A paradigm is a mode of thought, a set of thought patterns on which an entire set of theories and concepts rest. “The power stems from the people and is exercised by the nation-states” is a paradigm WEF wants to replace with a new paradigm, namely: “multi-stakeholder governance”, which in the real world will appear as a paradigm where the small group of people controlling the transnational corporations and the mega sized banks, will hold more power than all of the world’s governments and national assemblies.
Vitali, Glattfelder and Battiston at ETH Zürich have analyzed the network of transnational corporations. Their 2011 article is freely available for anyone to read. They discovered that “nearly 4/10 of the control over the economic value of TNCs in the world is held, via a complicated web of ownership relations, by a group of 147 TNCs in the core, which has almost full control over itself.”
The paradigm shift is already happening, but apparently, people in Norway are not supposed to learn about it. The established media neglect their duty to inform the public of significant political circumstances, which is one of the conditions for a living democracy. In Norway the media is often referred to as the fourth estate, inferred as a free and independent critic and source of information. The mainstream media may be independent of the state, but they are controlled by the most powerful capital forces. Even our domestic Schibsted is controlled by the largest financial forces in USA.
Based on this, it would be tempting to say that WEF expresses the desire of high finances to take over the role as the fourth estate.

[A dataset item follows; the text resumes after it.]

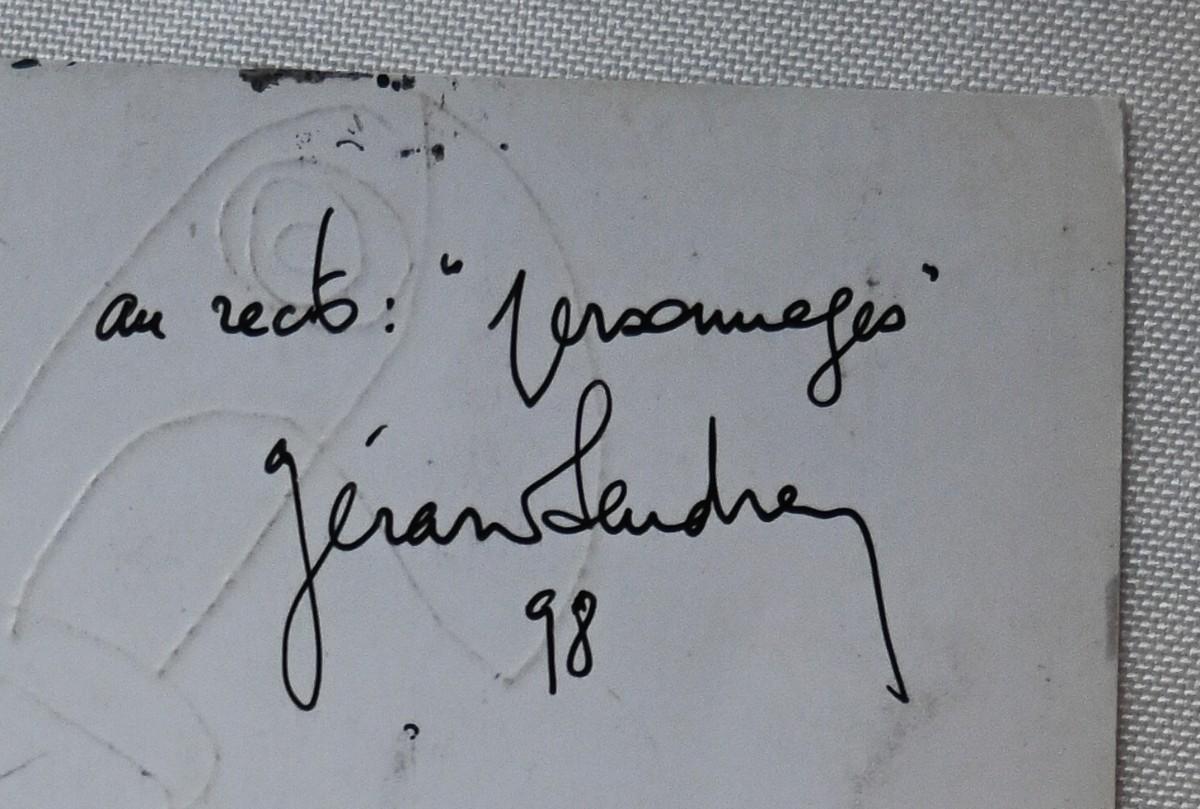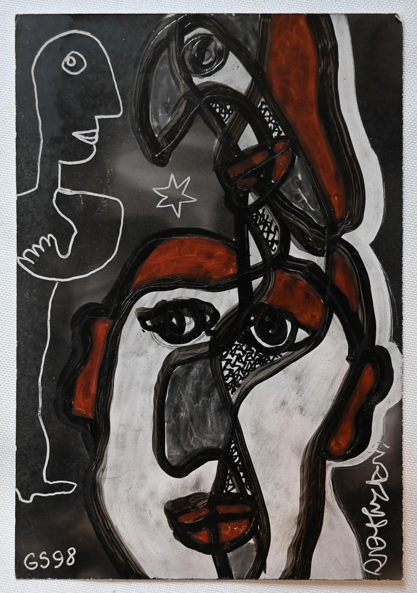 An untitled work by artist Gerard Sendrey (French, 1928-). Mixed media. Approx. 6" x 4".

But that would be false. It is the role as the first branch of government they want, and they have presented a plan of how to conquer it. Our domestic politicians obviously find that quite all right. The Crown Prince Haakon of Norway is not very likely to end up as a crown prince for the new first branch of government. The crown prince Espen Barth Eide of Jonas Gahr Støre (current leader of the Norwegian Labour Party) has better chances. He is WEFs Head of Geopolitical Affairs and member of the Managing Board. Which probably says more about the Norwegian Labour Party than the World Economic Forum.